O segundo desafio, de acordo com o engenheiro agrônomo, é a escala de produção. “Não é mais possível viabilizar economicamente propriedades com a produção na faixa de 1 mil, dois mil litros/ mês. O custo de coleta, logística, de caminhão, é muito alto. O produtor precisa se decidir e dar um salto na produção, de 2 mil para no mínimo, seis, oito mil litros/mês”, enfatizou.

Para tanto, Fruscalso ressalta que é preciso investir, tanto em infraestrutura, pastagens, adubação, talvez em um sistema confinado, e, principalmente, em conhecimento e gerenciamento da propriedade.

Preço do leite

Fruscalso frisou que o preço do leite no Brasil não é baixo, comparado com outras realidades. Atualmente, na região, está na faixa de R$ 1 a R$ 1,70, dependendo da quantidade e da qualidade do leite.

“O preço que o Brasil remunera é acima da média dos países que produzem leite no mundo, tais como os Estados Unidos, Nova Zelândia, a própria Europa, a Argentina, o Uruguai.

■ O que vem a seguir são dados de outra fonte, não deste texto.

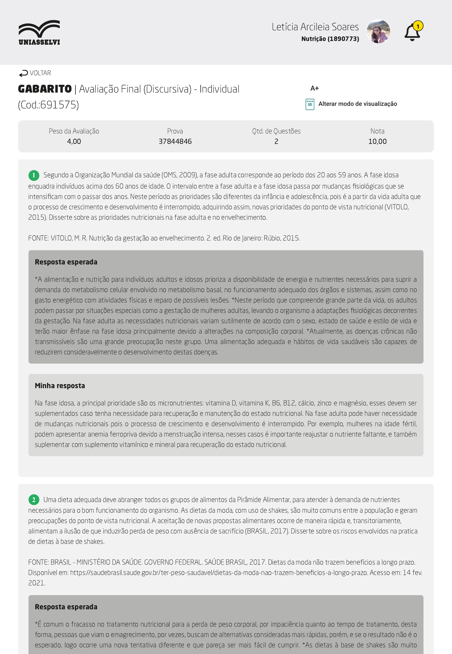 05/05/2023, 11:43 AVA https://ava2.uniasselvi.com.br/subject/grades-and-tests/answer-book/eyJ0ZXN0Ijp7InRlc3RDb2RlIjoiNjkxNTc1IiwiZGVzY3JpcHRpb24iOiJBdmFsaWHDp8OjbyBGaW5hbCAoRGlzY3Vyc2l2YSkgLSBJbmRpdmlkdWFs… 1/2 GABARITO | Avaliação Final (Discursiva) - Individual (Cod.:691575) Peso da Avaliação 4,00 Prova 37844846 Qtd. de Questões 2 Nota 10,00 Segundo a Organização Mundial da saúde (OMS, 2009), a fase adulta corresponde ao período dos 20 aos 59 anos. A fase idosa enquadra indivíduos acima dos 60 anos de idade. O intervalo entre a fase adulta e a fase idosa passa por mudanças fisiológicas que se intensificam com o passar dos anos. Neste período as prioridades são diferentes da infância e adolescência, pois é a partir da vida adulta que o processo de crescimento e desenvolvimento é interrompido, adquirindo assim, novas prioridades do ponto de vista nutricional (VITOLO, 2015). Disserte sobre as prioridades nutricionais na fase adulta e no envelhecimento. FONTE: VITOLO, M. R. Nutrição da gestação ao envelhecimento. 2. ed. Rio de Janeiro: Rúbio, 2015. Resposta esperada *A alimentação e nutrição para indivíduos adultos e idosos prioriza a disponibilidade de energia e nutrientes necessários para suprir a demanda do metabolismo celular envolvido no metabolismo basal, no funcionamento adequado dos órgãos e sistemas, assim como no gasto energético com atividades físicas e reparo de possíveis lesões. *Neste período que compreende grande parte da vida, os adultos podem passar por situações especiais como a gestação de mulheres adultas, levando o organismo a adaptações fisiológicas decorrentes da gestação. Na fase adulta as necessidades nutricionais variam sutilmente de acordo com o sexo, estado de saúde e estilo de vida e terão maior ênfase na fase idosa principalmente devido a alterações na composição corporal. *Atualmente, as doenças crônicas não transmissíveis são uma grande preocupação neste grupo. Uma alimentação adequada e hábitos de vida saudáveis são capazes de reduzirem consideravelmente o desenvolvimento destas doenças. Minha resposta Na fase idosa, a principal prioridade são os micronutrientes: vitamina D, vitamina K, B6, B12, cálcio, zinco e magnésio, esses devem ser suplementados caso tenha necessidade para recuperação e manutenção do estado nutricional. Na fase adulta pode haver necessidade de mudanças nutricionais pois o processo de crescimento e desenvolvimento é interrompido. Por exemplo, mulheres na idade fértil, podem apresentar anemia ferropriva devido a menstruação intensa, nesses casos é importante reajustar o nutriente faltante, e também suplementar com suplemento vitamínico e mineral para recuperação do estado nutricional. Uma dieta adequada deve abranger todos os grupos de alimentos da Pirâmide Alimentar, para atender à demanda de nutrientes necessários para o bom funcionamento do organismo. As dietas da moda, com uso de shakes, são muito comuns entre a população e geram preocupações do ponto de vista nutricional. A aceitação de novas propostas alimentares ocorre de maneira rápida e, transitoriamente, alimentam a ilusão de que induzirão perda de peso com ausência de sacrifício (BRASIL, 2017). Disserte sobre os riscos envolvidos na pratica de dietas à base de shakes. FONTE: BRASIL - MINISTÉRIO DA SAÚDE. GOVERNO FEDERAL. SAÚDE BRASIL, 2017. Dietas da moda não trazem benefícios a longo prazo. Disponível em: https://saudebrasil.saude.gov.br/ter-peso-saudavel/dietas-da-moda-nao-trazem-beneficios-a-longo-prazo. Acesso em: 14 fev. 2021. Resposta esperada *É comum o fracasso no tratamento nutricional para a perda de peso corporal, por impaciência quanto ao tempo de tratamento, desta forma, pessoas que viam o emagrecimento, por vezes, buscam de alternativas consideradas mais rápidas, porém, e se o resultado não é o esperado, logo ocorre uma nova tentativa diferente e que pareça ser mais fácil de cumprir. *As dietas à base de shakes são muito VOLTAR A+ Alterar modo de visualização 1 2 Letícia Arcileia Soares Nutrição (1890773) 1 05/05/2023, 11:43 AVA https://ava2.uniasselvi.com.br/subject/grades-and-tests/answer-book/eyJ0ZXN0Ijp7InRlc3RDb2RlIjoiNjkxNTc1IiwiZGVzY3JpcHRpb24iOiJBdmFsaWHDp8OjbyBGaW5hbCAoRGlzY3Vyc2l2YSkgLSBJbmRpdmlkdWFs… 2/2 populares e possuem muitos adeptos, devido a promessas de emagrecimento rápido e facilidade de ingestão. *No entanto, é preciso ter cautela principalmente ao utilizar os shakes como principal fonte alimentar diária. *As dietas à base de shakes não consideram necessidades nutricionais individuais e, quanto maior o tempo de utilização, maiores são os riscos à saúde. *Das consequências deste tipo de dieta incluem: deficiências nutricionais, emagrecimento inadequado com perda de músculos e água, causando flacidez, cansaço e indisposição, facilidade para recuperar o peso perdido, alto consumo de aditivos alimentares, como corantes, conservantes, estabilizantes e flavorizantes, além de propiciar deficiências nutricionais. Minha resposta Hoje em dia todos temos fácil acesso a internet, onde nos trazem coisas boas e ruins também, é o caso das dietas da moda e shakes. A busca desenfreada pelo corpo perfeito, leva as pessoas a cometer loucuras com a alimentação, uma delas são os shakes, que substituem refeições, possuem poucos nutrientes e minerais e dão sensação de saciedade. Porém a longo prazo não é algo sustentável, a pessoa não consegue manter, gerando um reganho de peso e trazendo junto um transtorno alimentar, além de poder gerar uma compulsão também. É extremamente desaconselhável que a pessoa troque refeições ricas em vitaminais, minerais e nutrientes, por shakes que não possuem nada disso. Imprimir Letícia Arcileia Soares Nutrição (1890773) 1

O nosso problema é a escala de produção – é produzido pouco por propriedade e não é investido no leite, muitas vezes é considerada uma atividade secundária”, questionou, citando ainda, que geralmente a soja, a suinocultura, a fruticultura e a olericultura, por exemplo, vem antes na escala prioritária. “É um momento de escolha, de tornar o leite uma prioridade e uma atividade profissional”, alertou.

Segundo o engenheiro agrônomo, no evento foi possível conferir orientações e novidades sobre tecnologias adaptadas a cada situação. “Algo que me perguntam muito: ‘se investir em confinamento, free stall, compost barn, não há chances de o produtor rural falir?’ Sim, há esse risco. Qualquer negócio tem esse risco. Não é o sistema que define o sucesso do produtor, mas a qualidade do sistema, a qual depende do gerenciamento”, enfatizou.

IN 76 e 77

A primeira palestra do evento foi realizada pelo secretário executivo do Sindicato da Indústria de Laticínios do Rio Grande do Sul (Sindilat), Darlan Palharini. Durante a explanação, apresentou alguns números sobre o mercado leiteiro e citou algumas expectativas por parte do Ministério da Agricultura, entre as quais está: atingir até 2025 a meta de 200 litros por habitante. Atualmente esse número gira em torno de 173 litros. Nesse sentido, a produção nacional, hoje, é de 35 bilhões e a ideia é chegar a 42, 45 bilhões.

Conforme Palharini, o volume de produção na propriedade é fundamental para a manutenção de renda e até para que o produtor possa fazer investimentos. “Em um comparativo com outros países do Mercosul, abrangendo agricultores familiares, o Brasil registra uma produção anual de 33 milhões, a Argentina cerca de 10 milhões e o Uruguai, 2 milhões. O frete representa de 0,03 a 0,05 centavos/ litro. Nesse contexto, é importante que a cadeia produtiva, indústrias e produtores, juntamente com o governo, consiga-se otimizar o transporte de leite”, destacou, ponderando a importância da implantação da IN 76 e 77, que, segundo ele, vem ao encontro de criar um padrão mínimo do leite brasileiro, de norte a sul.

A IN 76 trata das características e da qualidade do produto na indústria. Na IN 77, são definidos critérios para obtenção de leite de qualidade e seguro ao consumidor e que englobam desde a organização da propriedade, suas instalações e equipamentos, até a formação e capacitação dos responsáveis pelas tarefas cotidianas, o controle sistemático de mastites, da brucelose e da tuberculose.

A programação

As atividades do Seminário prosseguiram durante todo o dia.